> [Work order]: Would you print the listing that follows exactly, but without its pictures?

> [Information shown]:
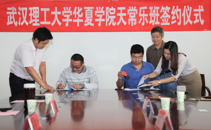 2015年10月23日,我院与武汉天常乐科技有限公司校企合作协议签约仪式在综合楼会议室举行。武汉天常乐科技有限公司董事长刘振,学院副书记、副院长李海民,土木系主任杨和礼、土木系党总支书记陈伟出席签约仪式。签约仪式后,武汉理工大学华夏学院天常乐班开班宣讲会在学术报告厅举行。
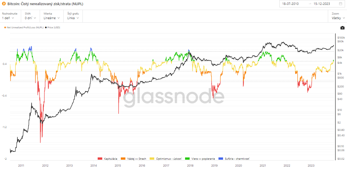 Bitcoin: metrika NUPL. Zdroj: Glassnode
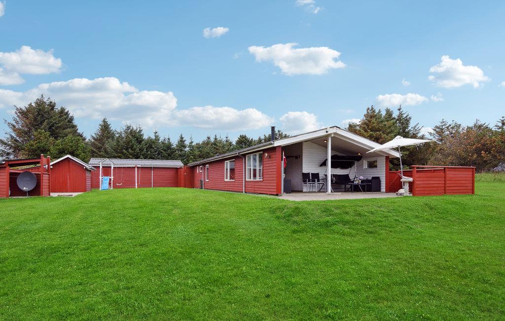 3,9I bunden af dette skønne, lukkede område finder I dette dejlige feriehus på en fredfyldt plet, som byder den store familie velkommen med masser af plads i rolige omgivelser. Det store, lyse køkken/alrum samt stuen ligger i forlængelse af hinanden og er som

> [Result of this exercise]:
 2015年10月23日,我院与武汉天常乐科技有限公司校企合作协议签约仪式在综合楼会议室举行。武汉天常乐科技有限公司董事长刘振,学院副书记、副院长李海民,土木系主任杨和礼、土木系党总支书记陈伟出席签约仪式。签约仪式后,武汉理工大学华夏学院天常乐班开班宣讲会在学术报告厅举行。
 Bitcoin: metrika NUPL. Zdroj: Glassnode
 3,9I bunden af dette skønne, lukkede område finder I dette dejlige feriehus på en fredfyldt plet, som byder den store familie velkommen med masser af plads i rolige omgivelser. Det store, lyse køkken/alrum samt stuen ligger i forlængelse af hinanden og er som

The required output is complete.